In this example we first simulate an APC Thin-Electric 10x7 propeller operating in cruise conditions. Along the way, we demonstrate the basics of how to set up and run a rotor simulation.

Rotors are generated through the function FLOWUnsteady.generate_rotor, which can receive either a set of parameters that define the rotor geometry (like twist/chord/sweep distributions, etc), or it can read the rotor geometry from a file. FLOWunsteady provides a prepopulated database of airfoil and rotor geometries to automate the generation of rotors, which is found under database/. This database can be accessed through the variable FLOWUnsteady.default_database. Alternatively, users can define their own database with custom rotors and airfoils.

The following slides describe the structure of the database, using a DJI rotor as an example:



In this simulation we exemplify the following:


#=##############################################################################
# DESCRIPTION
    Simulation of an APC Thin-Electric 10x7 propeller (two-bladed rotor, 10-inch
    diameter).

    This example replicates the experiment and simulation described in McCrink &
    Gregory (2017), "Blade Element Momentum Modeling of Low-Reynolds Electric
    Propulsion Systems."

# AUTHORSHIP
  * Author          : Eduardo J. Alvarez (edoalvarez.com)
  * Email           : Edo.AlvarezR@gmail.com
  * Created         : Mar 2023
  * Last updated    : Mar 2023
  * License         : MIT
=###############################################################################

import FLOWUnsteady as uns
import FLOWVLM as vlm
import FLOWVPM as vpm

run_name        = "propeller-example"       # Name of this simulation

save_path       = run_name                  # Where to save this simulation
paraview        = true                      # Whether to visualize with Paraview


# ----------------- GEOMETRY PARAMETERS ----------------------------------------

# Rotor geometry
rotor_file      = "apc10x7.csv"             # Rotor geometry
data_path       = uns.def_data_path         # Path to rotor database
pitch           = 0.0                       # (deg) collective pitch of blades
CW              = false                     # Clock-wise rotation
xfoil           = true                      # Whether to run XFOIL
ncrit           = 9                         # Turbulence criterion for XFOIL

# NOTE: If `xfoil=true`, XFOIL will be run to generate the airfoil polars used
#       by blade elements before starting the simulation. XFOIL is run
#       on the airfoil contours found in `rotor_file` at the corresponding
#       local Reynolds and Mach numbers along the blade.
#       Alternatively, the user can provide pre-computer airfoil polars using
#       `xfoil=false` and pointing to polar files through `rotor_file`.

# Discretization
n               = 20                        # Number of blade elements per blade
r               = 1/5                       # Geometric expansion of elements

# NOTE: Here a geometric expansion of 1/5 means that the spacing between the
#       tip elements is 1/5 of the spacing between the hub elements. Refine the
#       discretization towards the blade tip like this in order to better
#       resolve the tip vortex.

# Read radius of this rotor and number of blades
R, B            = uns.read_rotor(rotor_file; data_path=data_path)[[1,3]]

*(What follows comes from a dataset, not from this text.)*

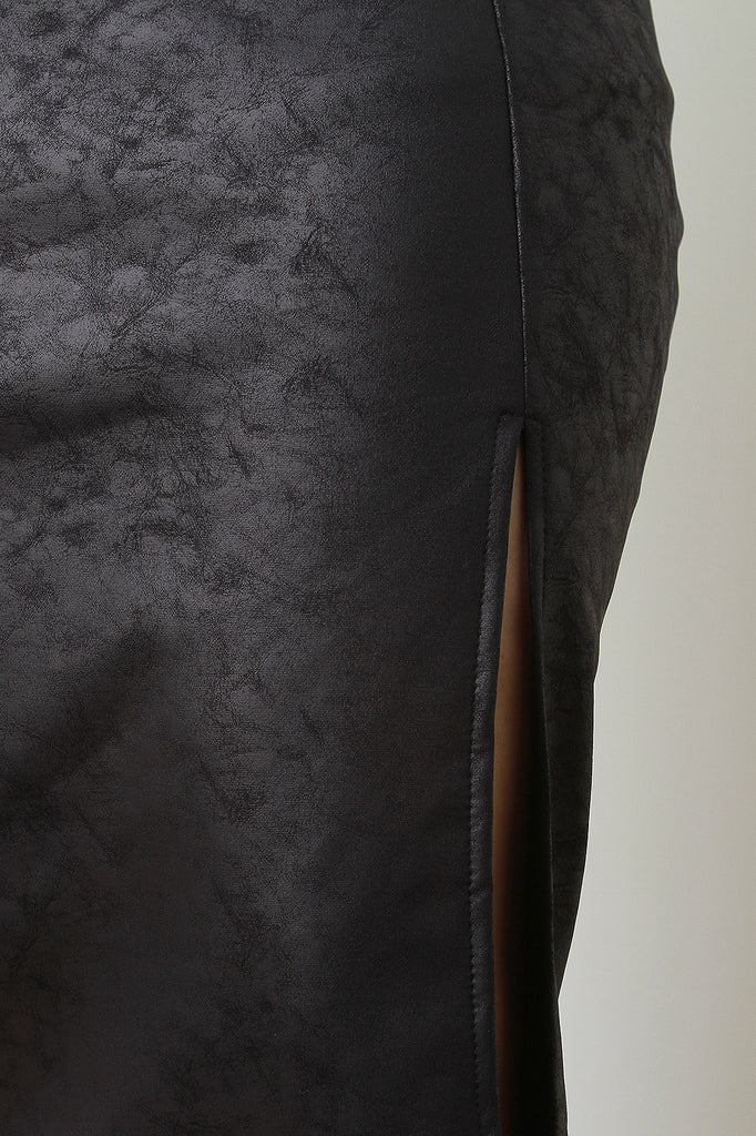 This plus size midi skirt features a distressed knit fabrication with a high, elastic waist. The left side has a slit starting from the mid-thigh down to the hem of the skirt. Accessories sold separately. Made in U.S.A. 95% Polyester, 5% Spandex.

# ----------------- SIMULATION PARAMETERS --------------------------------------

# Operating conditions
RPM             = 9200                      # RPM
J               = 0.4                       # Advance ratio Vinf/(nD)
AOA             = 0                         # (deg) Angle of attack (incidence angle)

rho             = 1.225                     # (kg/m^3) air density
mu              = 1.81e-5                   # (kg/ms) air dynamic viscosity
speedofsound    = 342.35                    # (m/s) speed of sound

magVinf         = J*RPM/60*(2*R)
Vinf(X, t)      = magVinf*[cosd(AOA), sind(AOA), 0] # (m/s) freestream velocity vector

ReD             = 2*pi*RPM/60*R * rho/mu * 2*R      # Diameter-based Reynolds number
Matip           = 2*pi*RPM/60*R / speedofsound      # Tip Mach number

println("""
    RPM:    $(RPM)
    Vinf:   $(Vinf(zeros(3), 0)) m/s
    Matip:  $(round(Matip, digits=3))
    ReD:    $(round(ReD, digits=0))
""")

# ----------------- SOLVER PARAMETERS ------------------------------------------

# Aerodynamic solver
VehicleType     = uns.UVLMVehicle           # Unsteady solver
# VehicleType   = uns.QVLMVehicle           # Quasi-steady solver
const_solution  = VehicleType==uns.QVLMVehicle  # Whether to assume that the
                                                # solution is constant or not
# Time parameters
nrevs           = 4                         # Number of revolutions in simulation
nsteps_per_rev  = 36                        # Time steps per revolution
nsteps          = const_solution ? 2 : nrevs*nsteps_per_rev # Number of time steps
ttot            = nsteps/nsteps_per_rev / (RPM/60)       # (s) total simulation time

# VPM particle shedding
p_per_step      = 2                         # Sheds per time step
shed_starting   = true                      # Whether to shed starting vortex
shed_unsteady   = true                      # Whether to shed vorticity from unsteady loading
max_particles   = ((2*n+1)*B)*nsteps*p_per_step + 1 # Maximum number of particles

# Regularization
sigma_rotor_surf= R/40                      # Rotor-on-VPM smoothing radius
lambda_vpm      = 2.125                     # VPM core overlap
                                            # VPM smoothing radius
sigma_vpm_overwrite = lambda_vpm * 2*pi*R/(nsteps_per_rev*p_per_step)

# Rotor solver
vlm_rlx         = 0.7                       # VLM relaxation <-- this also applied to rotors
hubtiploss_correction = vlm.hubtiploss_nocorrection # Hub and tip loss correction

# VPM solver
vpm_viscous     = vpm.Inviscid()            # VPM viscous diffusion scheme

# NOTE: In most practical situations, open rotors operate at a Reynolds number
#       high enough that viscous diffusion in the wake is negligible.
#       Hence, it does not make much of a difference whether we run the
#       simulation with viscous diffusion enabled or not.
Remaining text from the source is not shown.